A violência intra-familiar é definida como um fenômeno multicausal, e sua compreensão passa também pelas questões de gênero:
“A violência de homens contra mulheres está profundamente associada ao modo com os homens são socializados, vez que os meninos são geralmente ensinados a reprimir emoções, raiva torna-se um dos poucos sentimentos que os homens podem expressar com aprovação da sociedade, além disso, durante o processo de socialização muitos homens não desenvolvem habilidades de comunicação interpessoal adequadas às relações pautadas pelo diálogo. Podemos acrescentar a isso o fato de os meninos serem freqüentemente educados de forma a acreditar que tem o direito de esperar determinados comportamentos das mulheres, bem como de poder utilizar de abuso físico ou verbal ou qualquer outra forma de violência, caso elas não cumpram suas “obrigações” com cuidar da casa ou prover sexo.” (Acosta, F., 2003).

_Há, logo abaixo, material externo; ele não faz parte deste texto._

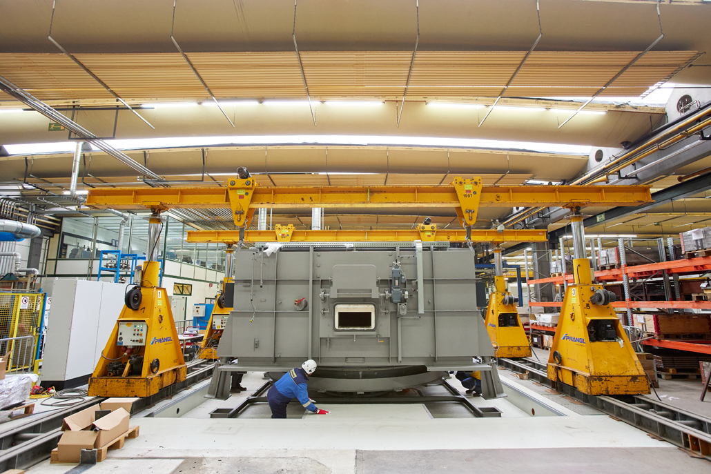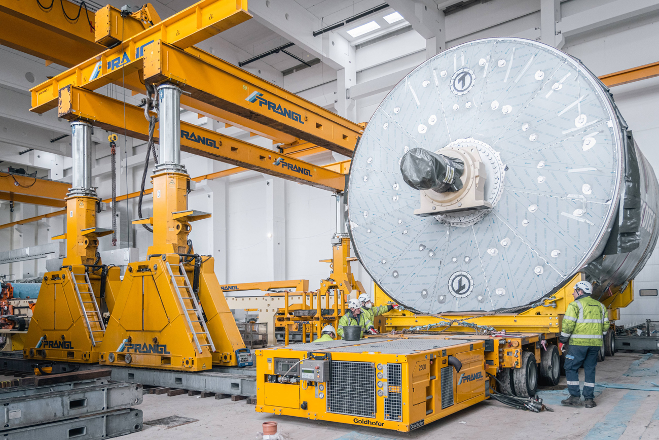 Die heikle Aufgabe des Prangl-Teams: Ein 4,4 Meter hoher Drehofen mit einem Durchmesser von 4,0 Meter sollte in eine Halle eingebracht und dort abgestellt werden, wo die 10 Tonnen schwere Maschine künftig ihren Dienst leisten wird. Herausfordernd dabei war die Tatsache, dass es sich um eine mit Produktionsanlagen bestückte Halle handelte und der verfügbare Platz äußerst gering war und der laufende Betrieb keinesfalls gestört werden durfte.

A abordagem sucinta que fizemos a respeito do tema, deixou propositalmente de fora inúmeros aspectos desta questão tão complexa. O que poderíamos dizer sobre gênero, se não nos limitarmos à polarização masculino/feminimo, e incluirmos as possibilidades das relações homo-eróticas? Como ficam as relações de casal e de famílias, se considerarmos as novas organizações compostas por pessoas do mesmo sexo? São perguntas e reflexões que convidamos a leitor a fazer. Mas a inclusão da perspectiva de gênero em nossa prática profissional e em nossa vida pessoal, abre perspectivas de mudanças nas relações de casais, familiares e sociais, ajudando a nos vermos e aos outros como legítimos na relação.

BIBLIOGRAFIA:
ACOSTA, F..: Homens, violência de gênero e saúde sexual e reprodutiva: um estudo sobre homens no Rio de Janeiro/Brasil; Fernando Acosta, Gary Barker - Rio de Janeiro, Instituto NOOS, 2003. CARTER, B. &MCGOLDKICK M. & COL: “As mudanças no Ciclo de Vida Familiar – Uma estrutura para a Terapia Familiar – Porto Alegre. Ed. Artes Médicas, 2ª edição,1995. GARCIA S. M. : “Conhecer os Homens à partir do gênero e para além do gênero” (pg38), in “ Homens e Masculinidades: outras palavras”. Margareth Anilha e col. São Paulo: Ecos/Ed. 34, 1998. HARAWAY D. “Gênero para um dicionário marxista: a política sexual da palavra” in Cadernos pag (22) 2004, pg 201-246. RAVAZZOLA, C.: “Las mujeres y la terapia familiar. La difícil inclusion del contexto Gênero in las terapias contextuales”. Sistemas Familiares. Ano VI, abril 1990. ZUMA, C. E. “ A visão sistêmica e a metáfora de rede social no trabalho de prevenção de violência intra-familiar em comunidades”. Nova Perspectiva Sistêmica, ano XIII, nº 23, fevereiro de 2004.